Taxonomic depth | Homogeneity of medians (P value)a | Class orderb | |
---|---|---|---|
dN | Genus: Escherichia | <2.2 × 10−16 | III > II = I |
Order: Enterobacteriales | <2.2 × 10−16 | III > II > I | |
Class: Gammaproteobacteria | <2.2 × 10−16 | III > II > I | |
Phylum: Proteobacteria | <2.2 × 10−16 | III > II > I | |
Protein distance | Genus: Escherichia | <2.2 × 10−16 | III > II = I |
Order: Enterobacteriales | <2.2 × 10−16 | III > II > I | |
Class: Gammaproteobacteria | <2.2 × 10−16 | III > II > I | |
Phylum: Proteobacteria | <2.2 × 10−16 | III > II > I |
aUsing Friedman Mack–Skilling test (Mack and Skillings 1980).

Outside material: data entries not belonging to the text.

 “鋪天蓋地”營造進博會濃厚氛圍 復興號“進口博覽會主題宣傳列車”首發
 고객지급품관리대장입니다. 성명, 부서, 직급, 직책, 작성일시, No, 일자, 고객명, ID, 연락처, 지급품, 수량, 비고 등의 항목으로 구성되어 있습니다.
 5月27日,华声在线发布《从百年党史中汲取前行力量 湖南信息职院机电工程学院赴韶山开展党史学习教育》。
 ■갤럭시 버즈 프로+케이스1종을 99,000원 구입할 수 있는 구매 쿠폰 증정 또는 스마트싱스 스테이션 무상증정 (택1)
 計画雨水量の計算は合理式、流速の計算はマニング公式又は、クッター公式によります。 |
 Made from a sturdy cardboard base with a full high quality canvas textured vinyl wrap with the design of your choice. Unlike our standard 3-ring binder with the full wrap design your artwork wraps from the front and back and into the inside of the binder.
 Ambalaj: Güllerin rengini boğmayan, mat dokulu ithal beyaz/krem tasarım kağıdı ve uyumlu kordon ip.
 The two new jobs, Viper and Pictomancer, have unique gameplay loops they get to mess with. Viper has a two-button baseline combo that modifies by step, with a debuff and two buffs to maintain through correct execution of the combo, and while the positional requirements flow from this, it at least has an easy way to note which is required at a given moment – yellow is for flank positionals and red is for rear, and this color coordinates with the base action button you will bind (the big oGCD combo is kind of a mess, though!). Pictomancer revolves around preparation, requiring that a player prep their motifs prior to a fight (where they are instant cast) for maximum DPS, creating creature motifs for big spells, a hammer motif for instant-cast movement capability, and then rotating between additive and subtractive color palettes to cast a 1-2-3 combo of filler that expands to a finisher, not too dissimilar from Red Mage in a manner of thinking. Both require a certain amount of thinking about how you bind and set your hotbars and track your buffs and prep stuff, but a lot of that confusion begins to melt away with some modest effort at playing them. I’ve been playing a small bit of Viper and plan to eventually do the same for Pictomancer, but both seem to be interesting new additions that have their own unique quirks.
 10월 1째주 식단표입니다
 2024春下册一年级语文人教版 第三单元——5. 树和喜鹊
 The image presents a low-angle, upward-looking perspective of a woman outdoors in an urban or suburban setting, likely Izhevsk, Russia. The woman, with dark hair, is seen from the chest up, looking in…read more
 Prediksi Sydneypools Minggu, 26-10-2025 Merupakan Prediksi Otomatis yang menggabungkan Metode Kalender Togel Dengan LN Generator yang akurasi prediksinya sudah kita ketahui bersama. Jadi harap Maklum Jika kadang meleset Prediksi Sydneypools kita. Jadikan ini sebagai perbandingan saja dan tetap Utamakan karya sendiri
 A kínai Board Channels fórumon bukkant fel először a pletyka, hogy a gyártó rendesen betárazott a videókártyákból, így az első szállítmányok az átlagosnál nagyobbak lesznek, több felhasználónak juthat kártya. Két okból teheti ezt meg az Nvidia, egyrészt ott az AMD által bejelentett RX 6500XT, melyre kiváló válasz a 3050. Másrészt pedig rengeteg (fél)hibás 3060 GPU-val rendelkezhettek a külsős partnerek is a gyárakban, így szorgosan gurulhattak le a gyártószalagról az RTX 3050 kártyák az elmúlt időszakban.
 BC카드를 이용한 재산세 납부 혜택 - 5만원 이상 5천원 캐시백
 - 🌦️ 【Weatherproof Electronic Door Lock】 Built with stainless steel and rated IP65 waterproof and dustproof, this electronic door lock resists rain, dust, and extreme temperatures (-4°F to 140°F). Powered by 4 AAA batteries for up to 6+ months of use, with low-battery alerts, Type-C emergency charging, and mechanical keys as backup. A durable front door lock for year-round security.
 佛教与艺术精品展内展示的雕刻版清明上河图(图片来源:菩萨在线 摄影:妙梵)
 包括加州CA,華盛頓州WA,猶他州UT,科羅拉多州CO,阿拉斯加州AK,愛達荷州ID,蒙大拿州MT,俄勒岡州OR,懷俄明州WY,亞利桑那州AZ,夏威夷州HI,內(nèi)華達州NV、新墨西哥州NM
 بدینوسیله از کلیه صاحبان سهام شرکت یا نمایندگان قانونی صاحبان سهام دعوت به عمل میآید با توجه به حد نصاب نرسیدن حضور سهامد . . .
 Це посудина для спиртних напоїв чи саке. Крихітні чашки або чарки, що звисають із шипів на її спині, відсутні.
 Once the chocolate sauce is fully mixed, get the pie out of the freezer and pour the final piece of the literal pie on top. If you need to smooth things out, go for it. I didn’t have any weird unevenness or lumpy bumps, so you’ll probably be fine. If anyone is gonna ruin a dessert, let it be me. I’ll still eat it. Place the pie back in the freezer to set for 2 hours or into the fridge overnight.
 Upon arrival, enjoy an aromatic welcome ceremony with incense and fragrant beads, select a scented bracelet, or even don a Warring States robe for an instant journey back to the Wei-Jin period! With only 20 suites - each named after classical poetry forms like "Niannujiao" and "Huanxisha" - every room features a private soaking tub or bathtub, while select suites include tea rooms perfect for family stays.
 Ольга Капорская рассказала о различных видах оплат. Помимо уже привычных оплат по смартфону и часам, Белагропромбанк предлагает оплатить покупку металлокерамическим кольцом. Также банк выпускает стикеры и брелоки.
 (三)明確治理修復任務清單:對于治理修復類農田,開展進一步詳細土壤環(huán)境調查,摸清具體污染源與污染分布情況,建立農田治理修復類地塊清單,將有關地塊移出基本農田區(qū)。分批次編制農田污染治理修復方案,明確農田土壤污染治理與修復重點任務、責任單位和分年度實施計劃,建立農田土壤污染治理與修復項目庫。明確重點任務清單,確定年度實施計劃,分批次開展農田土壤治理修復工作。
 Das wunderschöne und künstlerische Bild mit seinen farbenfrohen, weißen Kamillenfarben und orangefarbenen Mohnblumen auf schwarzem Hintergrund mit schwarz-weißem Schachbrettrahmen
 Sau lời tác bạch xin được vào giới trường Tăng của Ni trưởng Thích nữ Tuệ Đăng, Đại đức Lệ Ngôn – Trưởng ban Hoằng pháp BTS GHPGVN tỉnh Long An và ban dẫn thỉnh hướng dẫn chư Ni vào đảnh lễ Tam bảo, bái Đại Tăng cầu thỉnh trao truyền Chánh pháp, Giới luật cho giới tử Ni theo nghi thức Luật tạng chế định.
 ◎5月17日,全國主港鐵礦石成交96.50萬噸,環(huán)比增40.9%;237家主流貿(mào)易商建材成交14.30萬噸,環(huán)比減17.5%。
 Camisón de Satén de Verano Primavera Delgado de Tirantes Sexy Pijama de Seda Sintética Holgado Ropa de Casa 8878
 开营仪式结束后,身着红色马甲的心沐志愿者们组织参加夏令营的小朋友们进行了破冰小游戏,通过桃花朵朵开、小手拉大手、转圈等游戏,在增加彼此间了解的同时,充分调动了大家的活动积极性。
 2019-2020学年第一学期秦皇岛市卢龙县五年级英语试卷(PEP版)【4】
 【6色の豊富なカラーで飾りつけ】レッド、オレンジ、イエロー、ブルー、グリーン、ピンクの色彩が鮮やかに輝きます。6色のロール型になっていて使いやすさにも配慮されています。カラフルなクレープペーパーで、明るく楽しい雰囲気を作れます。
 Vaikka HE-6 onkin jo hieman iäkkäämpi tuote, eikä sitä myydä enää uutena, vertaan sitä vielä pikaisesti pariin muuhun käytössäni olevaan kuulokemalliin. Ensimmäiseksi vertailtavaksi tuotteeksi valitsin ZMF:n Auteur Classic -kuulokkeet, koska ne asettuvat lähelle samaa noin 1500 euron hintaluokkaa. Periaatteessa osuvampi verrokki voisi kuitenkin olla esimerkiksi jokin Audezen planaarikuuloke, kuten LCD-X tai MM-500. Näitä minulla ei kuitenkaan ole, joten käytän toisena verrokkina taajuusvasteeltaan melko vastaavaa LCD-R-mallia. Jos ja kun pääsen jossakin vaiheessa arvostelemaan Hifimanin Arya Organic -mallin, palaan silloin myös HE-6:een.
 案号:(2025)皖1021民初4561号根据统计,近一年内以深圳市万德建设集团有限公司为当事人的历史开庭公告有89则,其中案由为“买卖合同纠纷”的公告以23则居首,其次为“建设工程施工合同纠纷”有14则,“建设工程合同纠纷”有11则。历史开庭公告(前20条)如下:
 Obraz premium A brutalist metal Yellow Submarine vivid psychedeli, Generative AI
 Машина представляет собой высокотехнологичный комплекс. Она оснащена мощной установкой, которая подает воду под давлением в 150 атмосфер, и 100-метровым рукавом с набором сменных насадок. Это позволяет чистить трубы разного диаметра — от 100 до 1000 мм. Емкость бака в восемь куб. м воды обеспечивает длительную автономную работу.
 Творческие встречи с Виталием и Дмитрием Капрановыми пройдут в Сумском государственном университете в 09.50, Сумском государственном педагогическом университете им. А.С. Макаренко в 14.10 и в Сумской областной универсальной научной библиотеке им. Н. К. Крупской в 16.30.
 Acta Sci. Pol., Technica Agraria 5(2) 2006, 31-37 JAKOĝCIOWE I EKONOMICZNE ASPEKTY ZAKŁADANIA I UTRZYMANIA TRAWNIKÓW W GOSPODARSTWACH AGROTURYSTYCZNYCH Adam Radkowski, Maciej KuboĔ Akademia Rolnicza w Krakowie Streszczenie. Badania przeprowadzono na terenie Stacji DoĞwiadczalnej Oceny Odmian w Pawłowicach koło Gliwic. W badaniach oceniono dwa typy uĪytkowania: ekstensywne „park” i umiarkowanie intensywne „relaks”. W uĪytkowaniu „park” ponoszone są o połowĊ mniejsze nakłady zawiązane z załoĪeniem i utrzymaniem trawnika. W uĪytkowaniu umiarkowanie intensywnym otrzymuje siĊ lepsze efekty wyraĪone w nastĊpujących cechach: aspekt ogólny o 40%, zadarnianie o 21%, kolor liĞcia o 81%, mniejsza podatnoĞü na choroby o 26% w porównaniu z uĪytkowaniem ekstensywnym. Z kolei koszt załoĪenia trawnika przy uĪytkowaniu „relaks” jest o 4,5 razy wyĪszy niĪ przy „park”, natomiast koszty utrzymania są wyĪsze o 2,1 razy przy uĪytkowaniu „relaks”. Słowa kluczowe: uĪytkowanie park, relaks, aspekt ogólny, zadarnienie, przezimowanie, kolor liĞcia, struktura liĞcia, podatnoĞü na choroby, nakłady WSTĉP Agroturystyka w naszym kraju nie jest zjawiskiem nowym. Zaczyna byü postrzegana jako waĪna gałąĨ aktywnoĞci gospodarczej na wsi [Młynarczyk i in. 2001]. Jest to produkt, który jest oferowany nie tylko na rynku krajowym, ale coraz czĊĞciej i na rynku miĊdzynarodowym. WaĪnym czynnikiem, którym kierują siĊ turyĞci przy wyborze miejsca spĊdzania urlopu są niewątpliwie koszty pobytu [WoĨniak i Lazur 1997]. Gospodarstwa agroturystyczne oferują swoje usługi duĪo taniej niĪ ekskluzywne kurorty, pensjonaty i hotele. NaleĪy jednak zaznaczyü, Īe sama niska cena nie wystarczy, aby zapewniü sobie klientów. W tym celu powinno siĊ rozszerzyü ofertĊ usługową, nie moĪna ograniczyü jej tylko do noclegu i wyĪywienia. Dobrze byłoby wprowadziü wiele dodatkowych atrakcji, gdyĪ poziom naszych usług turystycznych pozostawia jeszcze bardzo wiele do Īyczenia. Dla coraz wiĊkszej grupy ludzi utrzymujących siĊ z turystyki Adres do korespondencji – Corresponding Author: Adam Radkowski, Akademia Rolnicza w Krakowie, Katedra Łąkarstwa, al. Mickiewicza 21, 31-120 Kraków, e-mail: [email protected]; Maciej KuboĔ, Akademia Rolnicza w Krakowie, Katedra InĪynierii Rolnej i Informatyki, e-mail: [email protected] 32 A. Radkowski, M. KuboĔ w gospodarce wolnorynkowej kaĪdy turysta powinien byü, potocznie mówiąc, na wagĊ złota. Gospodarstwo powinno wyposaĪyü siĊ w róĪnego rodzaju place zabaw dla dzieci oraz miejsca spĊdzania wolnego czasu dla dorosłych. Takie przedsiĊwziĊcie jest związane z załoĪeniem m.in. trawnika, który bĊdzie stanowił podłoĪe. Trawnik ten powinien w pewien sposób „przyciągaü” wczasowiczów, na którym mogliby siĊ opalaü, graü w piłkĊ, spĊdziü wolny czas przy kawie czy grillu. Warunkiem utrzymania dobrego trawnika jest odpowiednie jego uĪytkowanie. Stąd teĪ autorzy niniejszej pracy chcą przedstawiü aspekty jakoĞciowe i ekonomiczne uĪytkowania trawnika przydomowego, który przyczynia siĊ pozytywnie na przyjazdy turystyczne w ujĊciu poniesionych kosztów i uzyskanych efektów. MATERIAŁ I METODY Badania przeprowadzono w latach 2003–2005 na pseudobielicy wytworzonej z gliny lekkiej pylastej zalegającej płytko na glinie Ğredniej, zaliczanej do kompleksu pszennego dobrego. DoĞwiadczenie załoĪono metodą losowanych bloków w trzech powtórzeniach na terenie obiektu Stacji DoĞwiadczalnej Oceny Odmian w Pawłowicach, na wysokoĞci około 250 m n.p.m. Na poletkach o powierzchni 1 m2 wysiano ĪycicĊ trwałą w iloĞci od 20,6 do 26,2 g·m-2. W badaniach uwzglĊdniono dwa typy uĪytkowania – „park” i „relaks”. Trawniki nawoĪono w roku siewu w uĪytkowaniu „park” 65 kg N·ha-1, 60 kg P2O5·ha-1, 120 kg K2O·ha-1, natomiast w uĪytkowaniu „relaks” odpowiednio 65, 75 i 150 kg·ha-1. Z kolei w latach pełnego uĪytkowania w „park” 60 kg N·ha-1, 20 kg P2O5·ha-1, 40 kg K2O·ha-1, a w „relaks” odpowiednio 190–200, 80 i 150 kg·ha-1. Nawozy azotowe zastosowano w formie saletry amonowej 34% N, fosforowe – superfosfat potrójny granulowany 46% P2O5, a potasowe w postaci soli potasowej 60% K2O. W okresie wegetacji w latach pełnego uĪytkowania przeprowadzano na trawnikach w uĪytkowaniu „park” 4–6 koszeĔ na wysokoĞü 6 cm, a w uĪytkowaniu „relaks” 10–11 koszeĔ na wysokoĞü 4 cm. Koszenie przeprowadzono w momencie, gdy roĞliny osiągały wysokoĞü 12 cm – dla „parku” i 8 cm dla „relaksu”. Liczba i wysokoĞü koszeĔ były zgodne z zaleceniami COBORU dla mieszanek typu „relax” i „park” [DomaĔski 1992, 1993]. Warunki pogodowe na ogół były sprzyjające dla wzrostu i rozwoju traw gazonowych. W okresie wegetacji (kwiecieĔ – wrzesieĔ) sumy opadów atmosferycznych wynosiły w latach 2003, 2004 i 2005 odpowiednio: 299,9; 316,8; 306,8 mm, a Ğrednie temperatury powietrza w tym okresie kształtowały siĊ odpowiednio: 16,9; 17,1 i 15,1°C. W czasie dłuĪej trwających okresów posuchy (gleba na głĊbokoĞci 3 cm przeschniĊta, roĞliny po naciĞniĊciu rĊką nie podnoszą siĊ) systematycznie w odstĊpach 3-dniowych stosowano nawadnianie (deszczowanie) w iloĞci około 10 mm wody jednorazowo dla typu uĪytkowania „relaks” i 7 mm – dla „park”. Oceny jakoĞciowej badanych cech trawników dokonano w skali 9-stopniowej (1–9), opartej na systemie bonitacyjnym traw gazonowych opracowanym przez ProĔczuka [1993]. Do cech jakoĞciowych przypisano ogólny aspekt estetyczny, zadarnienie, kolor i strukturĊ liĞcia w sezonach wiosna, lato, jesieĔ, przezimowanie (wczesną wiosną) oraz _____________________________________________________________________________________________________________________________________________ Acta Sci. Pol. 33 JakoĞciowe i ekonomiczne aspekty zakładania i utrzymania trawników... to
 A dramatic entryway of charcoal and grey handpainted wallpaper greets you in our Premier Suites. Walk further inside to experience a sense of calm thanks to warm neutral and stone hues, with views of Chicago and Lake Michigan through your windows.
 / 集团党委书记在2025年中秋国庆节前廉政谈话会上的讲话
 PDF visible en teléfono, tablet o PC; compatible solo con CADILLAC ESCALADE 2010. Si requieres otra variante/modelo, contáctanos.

bOrder of the DnaK-dependency classes (IDnaK, IIDnaK, IIIDnaK) sorted by the mean of the relevant measure (α = 0.05, using Tukey’s post hoc test).
To quantify the effect of DnaK-mediated folding on the evolution of its client proteins we examined the relative evolutionary rates of interactors in the three classes. The ratio of Class IIIDnaK and Class IDnaK calculated from the dN and protein distance at the genus depth reveals that proteins in the highest dependency class evolve, on average, 4-fold faster than proteins in the lowest dependency class (table 2). The ratio of Class IIDnaK and Class IDnaK rates shows that Class IIDnaK proteins evolve, on average, 2-fold faster than Class IDnaK proteins. The comparison of evolutionary rates at the order depth shows that an average of 2-fold rate increase in Class IIIDnaK proteins in comparison to Class IDnaK proteins is still observed. Further comparisons of protein evolutionary rates among the classes at increasing taxonomic depth reveal smaller ratios than the ones observed at the genus and order levels (table 2). These results are explained by the increasing distance between the compared genomes in the class and phylum depths and the reference genome of E. coli as well as possible differences in the DnaK interactome among proteobacteria.
Table 2.
Genus | Order | Class | Phylum | |
---|---|---|---|---|
dN | ||||
Class III/I | 4.3; 2.8 | 2.4; 1.5 | 1.4; 1.3 | 1.2; 1.2 |
Class II/I | 2.4; 1.4 | 1.6; 1.3 | 1.3; 1.1 | 1.1; 1.1 |
Protein distance | ||||
Class III/I | 3.9; 2.6 | 2.4; 1.5 | 1.5; 1.2 | 1.2; 1.1 |
Class II/I | 2.2; 1.2 | 1.6; 1.3 | 1.3; 1.1 | 1.1; 1 |
Note.—The taxonomic depth samples are mutually exclusive.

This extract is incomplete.